Sanatçılara destek vermenin, onların desteğini almaya yetmeyeceğini anlayan siyasi iktidar, klasik yöntemlere başvurmaktan başka çare göremiyor günümüzde. “Görkemli Hatıralar” programında söylenen -Kültür Bakanlığı’nca bandrol verilmiş- bir türkü nedeniyle Halk TV’ye ceza veriyor. Elbette, tek cezalandırılan kanal Halk TV değil, çeşitli gerekçelerle KRT, Tele 1, Fox TV gibi kanallara da cezalar yağdırılıyor. Rejimin eli silahlı militanları ‘Konuşmayacaksın… yazmayacaksın” tehditleri ile yetinmeyip, eyleme geçiyor. Sopanın bir türü de, ekonomik sansür.
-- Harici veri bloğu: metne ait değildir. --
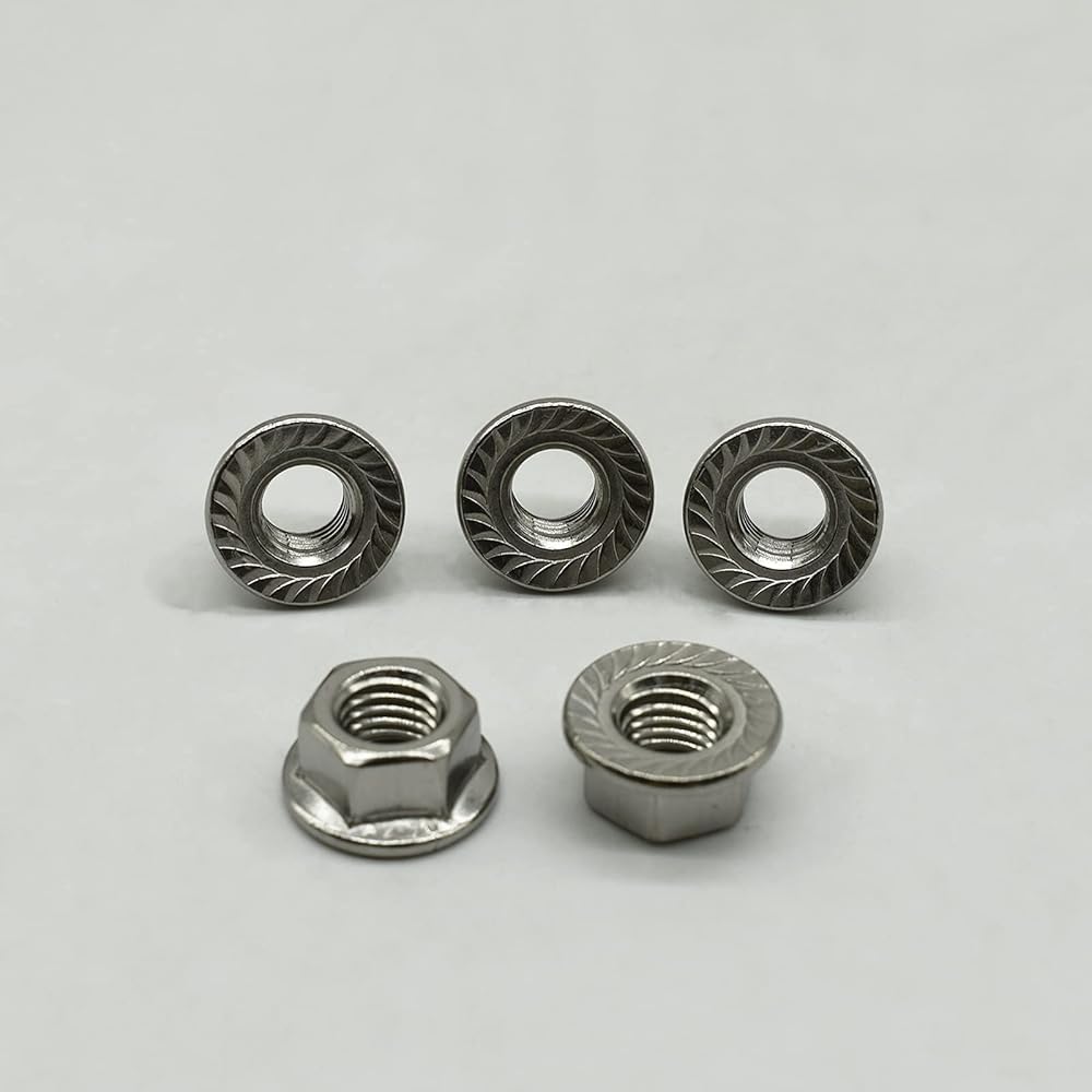 1/4"-20 صامولة سداسية مسننة من الفولاذ المقاوم للصدأ، (100 عبوة)، 304 (18-8) صواميل من الفولاذ المقاوم للصدأ، من SANTIE

Geçen hafta, tüm kamu kuruluşlarına gönderilen bir genelge ile kültür-sanat etkinliklerinin düzenlenmesi neredeyse imkansız hale getirildi. Afiş, broşür, katalog basmak yasak… Konuklara uçak bileti göndermek de yasak… Nasıl bir sanat etkinliği düzenlenebilir ki bu koşullarda?

Sanat ve iletişim özgürlüğünün güvence altında olmadığı bu ortamda CHP lideri Kemal Kılıçdaroğlu’nun CHP’li yerel yönetimlere çağrısı son derece önemli. İki Genel Başkan Yardımcısı, Gamze Akkuş İlgezdi ve Seyit Torun’un koordinatörlüğünde hazırlanan ve uygulanması denetlenecek olan talimat, sekiz madde içeriyor. Bu maddelerin bir bölümü, CHP’li yerel yönetimlerin bir kısmı -özellikle İzmir Büyükşehir Belediyesi- tarafından zaten uygulanmakta. Ama, bu uygulamaların CHP’li başkanlarca yönetilen tüm yerel yönetimlere yaygınlaştırılmasını bekleyebiliriz artık.

***

Sanata gelince “paramız yok” demeyi adet haline getirmiş bazı yerel yöneticiler için yol gösterici olmasını dilerim bu sekiz maddenin. Sanat etkinliklerine mekan tahsis etmekten, tiyatro, konser, dans gösterisi, fuar, söyleşi gibi etkinliklerin yaygınlaştırılmasına uzanan bu önlemler paketinde sinema sanatının ’gibi’ sözcüğü içine sıkıştırılmasına anlam veremedim doğrusu. Bir de, niceliğin yeterli olmadığının, niteliğin, yani ‘özgün’lüğün öneminin vurgulanmasını isterdim. Kalıcı bir iz bırakmayan, dostlar alışverişte görsün tarzındaki etkinlikler ne sanatçının, ne de kentin derdine deva olacaktır.